The problem
In the listing below, locate the line with "Drum And Bass" and the line with "This Monday morning, in", then output both and everything between them exactly, minus any pictures.

== Segment start ==

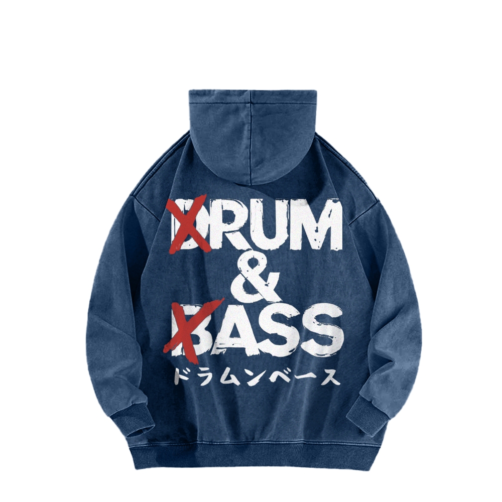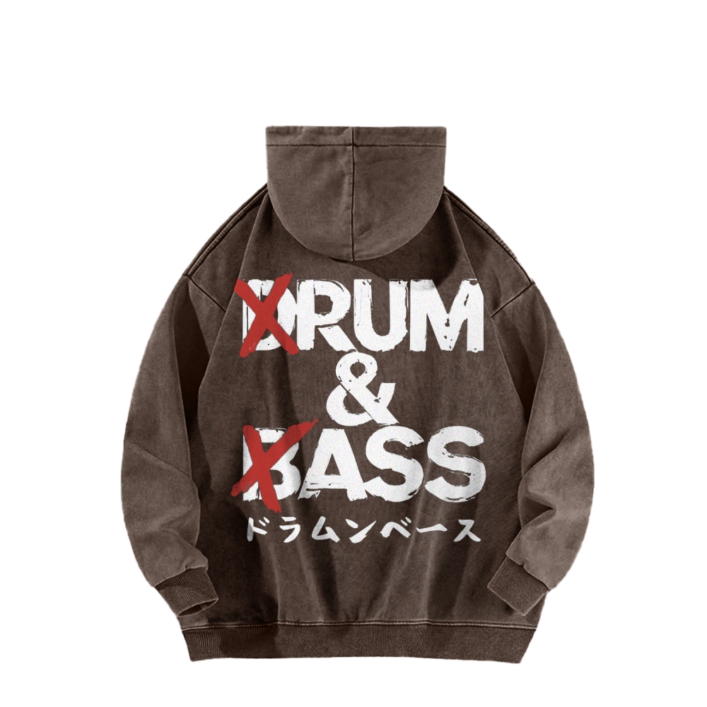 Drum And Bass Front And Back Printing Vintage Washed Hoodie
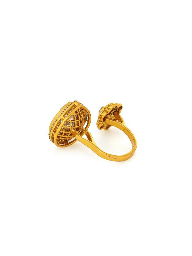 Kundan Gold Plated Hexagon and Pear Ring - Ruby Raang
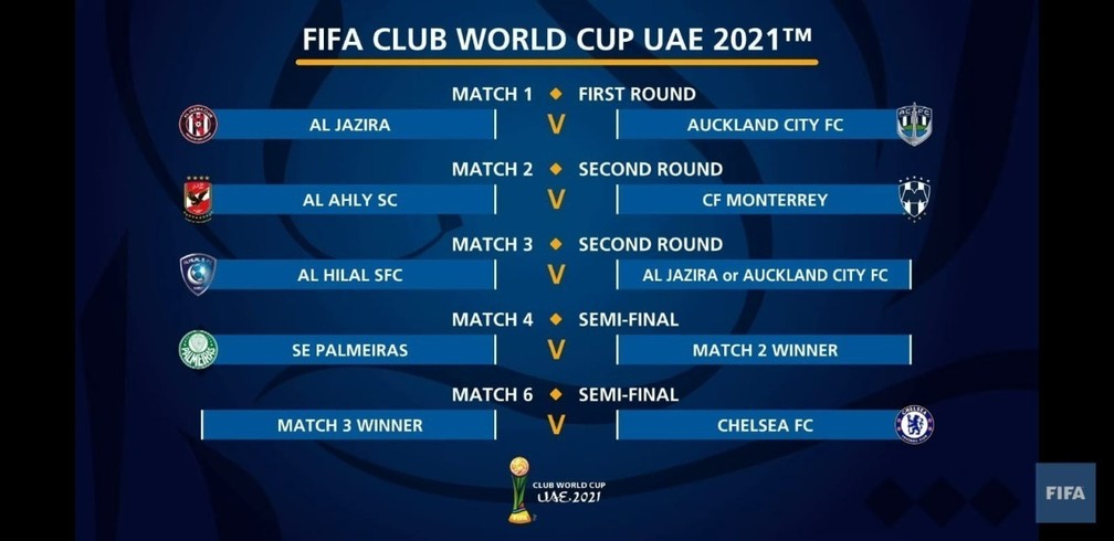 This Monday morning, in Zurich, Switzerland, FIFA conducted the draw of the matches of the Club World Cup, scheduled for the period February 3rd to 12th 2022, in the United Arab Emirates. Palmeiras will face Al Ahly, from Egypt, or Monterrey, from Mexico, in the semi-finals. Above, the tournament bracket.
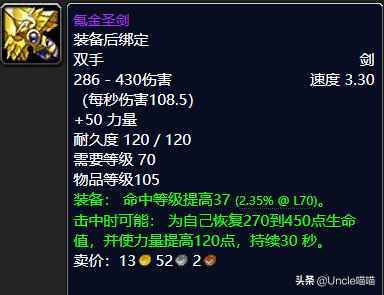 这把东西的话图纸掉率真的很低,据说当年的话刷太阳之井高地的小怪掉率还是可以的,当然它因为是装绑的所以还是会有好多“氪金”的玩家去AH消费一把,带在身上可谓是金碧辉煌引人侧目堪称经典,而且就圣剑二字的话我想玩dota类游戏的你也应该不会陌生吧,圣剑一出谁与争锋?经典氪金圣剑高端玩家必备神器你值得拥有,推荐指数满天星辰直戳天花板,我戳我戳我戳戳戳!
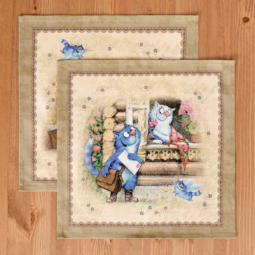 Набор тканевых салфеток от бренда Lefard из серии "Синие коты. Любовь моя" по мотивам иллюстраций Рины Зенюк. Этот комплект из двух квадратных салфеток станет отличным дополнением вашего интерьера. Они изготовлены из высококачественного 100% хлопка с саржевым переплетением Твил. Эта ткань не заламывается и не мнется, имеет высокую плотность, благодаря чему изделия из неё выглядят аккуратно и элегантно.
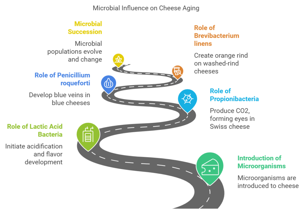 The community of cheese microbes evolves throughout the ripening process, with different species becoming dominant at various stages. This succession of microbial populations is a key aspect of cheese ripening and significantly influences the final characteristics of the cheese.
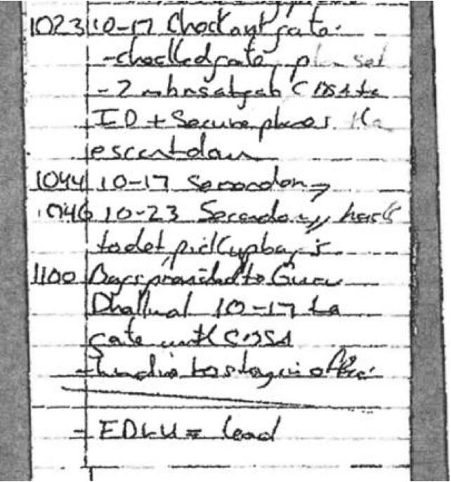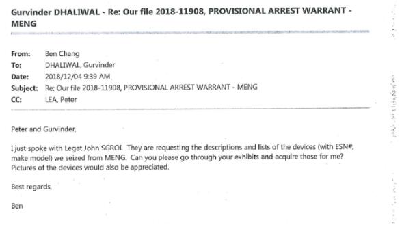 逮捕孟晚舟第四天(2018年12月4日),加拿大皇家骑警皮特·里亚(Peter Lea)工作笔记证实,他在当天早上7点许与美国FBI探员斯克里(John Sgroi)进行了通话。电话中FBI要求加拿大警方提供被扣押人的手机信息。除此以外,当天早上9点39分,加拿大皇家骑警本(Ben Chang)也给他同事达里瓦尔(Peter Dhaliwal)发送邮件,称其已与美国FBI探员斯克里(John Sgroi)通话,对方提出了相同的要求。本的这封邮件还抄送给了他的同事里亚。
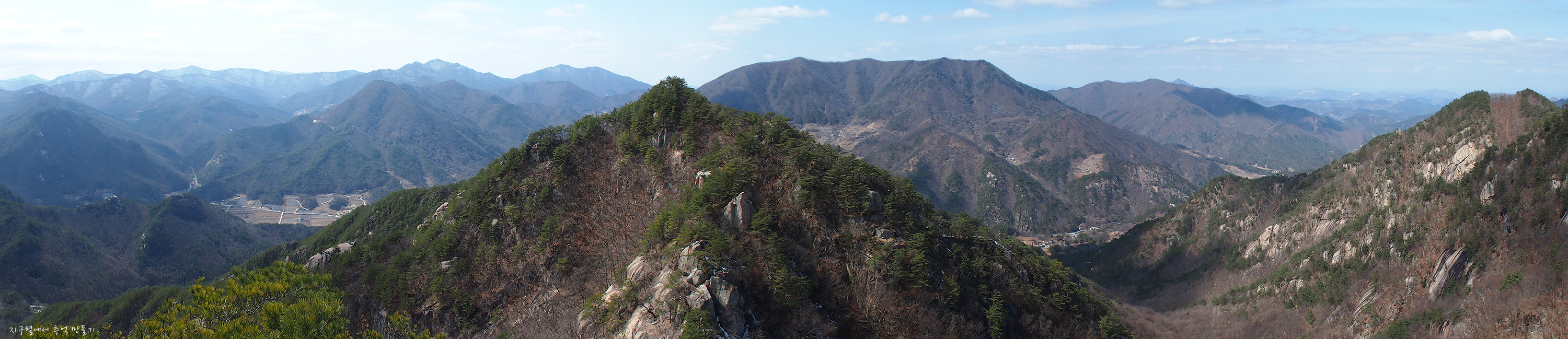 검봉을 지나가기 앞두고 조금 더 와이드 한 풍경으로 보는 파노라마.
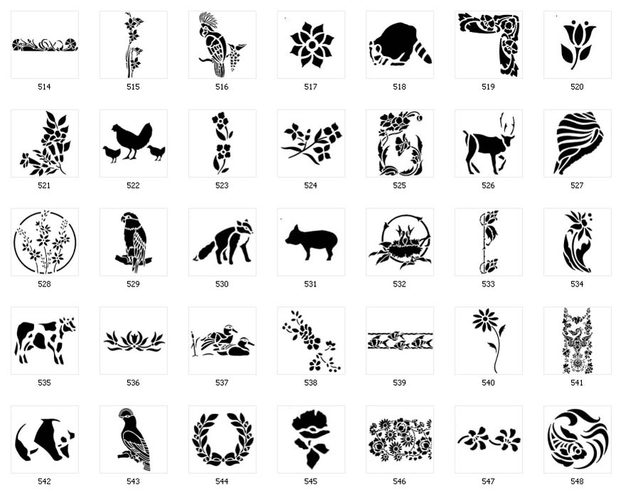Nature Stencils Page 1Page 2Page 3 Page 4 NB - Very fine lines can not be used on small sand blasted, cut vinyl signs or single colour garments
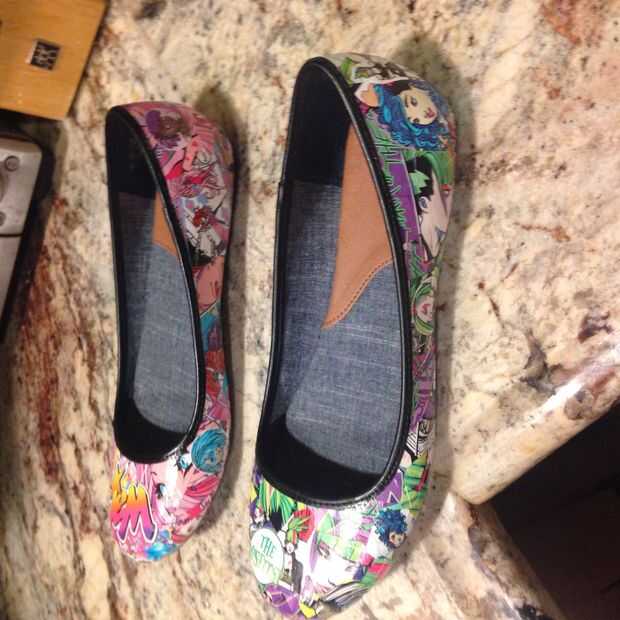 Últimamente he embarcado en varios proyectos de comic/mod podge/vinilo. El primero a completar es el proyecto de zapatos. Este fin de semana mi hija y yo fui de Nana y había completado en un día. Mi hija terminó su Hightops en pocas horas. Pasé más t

== Segment end ==
== Segment start ==

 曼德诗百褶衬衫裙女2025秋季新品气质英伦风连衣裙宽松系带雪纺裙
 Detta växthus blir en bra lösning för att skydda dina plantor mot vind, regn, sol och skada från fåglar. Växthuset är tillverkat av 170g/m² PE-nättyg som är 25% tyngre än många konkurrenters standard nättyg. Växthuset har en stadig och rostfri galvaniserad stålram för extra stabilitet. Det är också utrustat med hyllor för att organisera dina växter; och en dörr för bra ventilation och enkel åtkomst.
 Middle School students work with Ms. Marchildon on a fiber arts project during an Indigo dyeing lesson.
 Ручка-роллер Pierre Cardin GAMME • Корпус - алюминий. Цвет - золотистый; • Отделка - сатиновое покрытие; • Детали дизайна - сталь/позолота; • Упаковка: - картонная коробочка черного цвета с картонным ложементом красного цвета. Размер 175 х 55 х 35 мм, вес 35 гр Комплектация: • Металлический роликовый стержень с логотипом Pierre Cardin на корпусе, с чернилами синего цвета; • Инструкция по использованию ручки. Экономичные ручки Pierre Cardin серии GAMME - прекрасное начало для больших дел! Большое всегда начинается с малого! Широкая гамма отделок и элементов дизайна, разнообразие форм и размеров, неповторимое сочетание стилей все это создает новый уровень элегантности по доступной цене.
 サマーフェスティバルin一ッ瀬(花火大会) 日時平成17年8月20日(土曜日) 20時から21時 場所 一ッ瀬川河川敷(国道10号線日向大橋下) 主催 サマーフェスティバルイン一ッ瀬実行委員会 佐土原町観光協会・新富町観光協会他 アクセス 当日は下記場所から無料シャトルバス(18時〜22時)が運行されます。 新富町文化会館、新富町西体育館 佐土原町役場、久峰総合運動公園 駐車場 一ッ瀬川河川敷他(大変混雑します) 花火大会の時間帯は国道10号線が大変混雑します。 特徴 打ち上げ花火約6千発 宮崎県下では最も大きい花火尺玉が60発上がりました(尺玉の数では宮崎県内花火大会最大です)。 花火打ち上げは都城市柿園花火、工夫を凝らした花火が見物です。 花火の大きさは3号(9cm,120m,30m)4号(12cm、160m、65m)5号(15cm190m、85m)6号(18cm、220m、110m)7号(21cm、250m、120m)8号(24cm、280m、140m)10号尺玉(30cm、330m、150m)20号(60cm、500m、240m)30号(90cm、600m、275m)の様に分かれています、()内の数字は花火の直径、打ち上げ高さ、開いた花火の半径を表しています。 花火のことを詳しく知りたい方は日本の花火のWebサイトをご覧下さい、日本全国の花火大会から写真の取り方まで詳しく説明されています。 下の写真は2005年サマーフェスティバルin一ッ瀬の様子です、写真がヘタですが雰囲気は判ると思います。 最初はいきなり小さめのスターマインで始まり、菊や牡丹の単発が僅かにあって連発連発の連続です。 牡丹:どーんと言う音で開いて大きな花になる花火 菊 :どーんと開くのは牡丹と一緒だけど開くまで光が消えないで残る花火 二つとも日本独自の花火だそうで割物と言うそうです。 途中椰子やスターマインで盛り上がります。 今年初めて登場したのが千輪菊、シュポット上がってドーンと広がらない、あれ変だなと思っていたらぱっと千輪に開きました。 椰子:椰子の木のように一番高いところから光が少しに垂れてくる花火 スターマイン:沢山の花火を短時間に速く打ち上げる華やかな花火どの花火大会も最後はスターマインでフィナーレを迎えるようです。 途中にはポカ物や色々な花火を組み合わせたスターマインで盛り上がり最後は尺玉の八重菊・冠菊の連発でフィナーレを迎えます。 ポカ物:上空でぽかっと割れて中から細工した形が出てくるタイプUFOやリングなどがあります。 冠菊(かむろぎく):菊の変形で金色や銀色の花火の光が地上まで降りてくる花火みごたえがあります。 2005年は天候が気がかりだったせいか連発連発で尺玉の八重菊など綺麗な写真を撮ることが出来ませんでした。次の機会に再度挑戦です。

== Segment end ==

Response to the task
 Drum And Bass Front And Back Printing Vintage Washed Hoodie
 Kundan Gold Plated Hexagon and Pear Ring - Ruby Raang
 This Monday morning, in Zurich, Switzerland, FIFA conducted the draw of the matches of the Club World Cup, scheduled for the period February 3rd to 12th 2022, in the United Arab Emirates. Palmeiras will face Al Ahly, from Egypt, or Monterrey, from Mexico, in the semi-finals. Above, the tournament bracket.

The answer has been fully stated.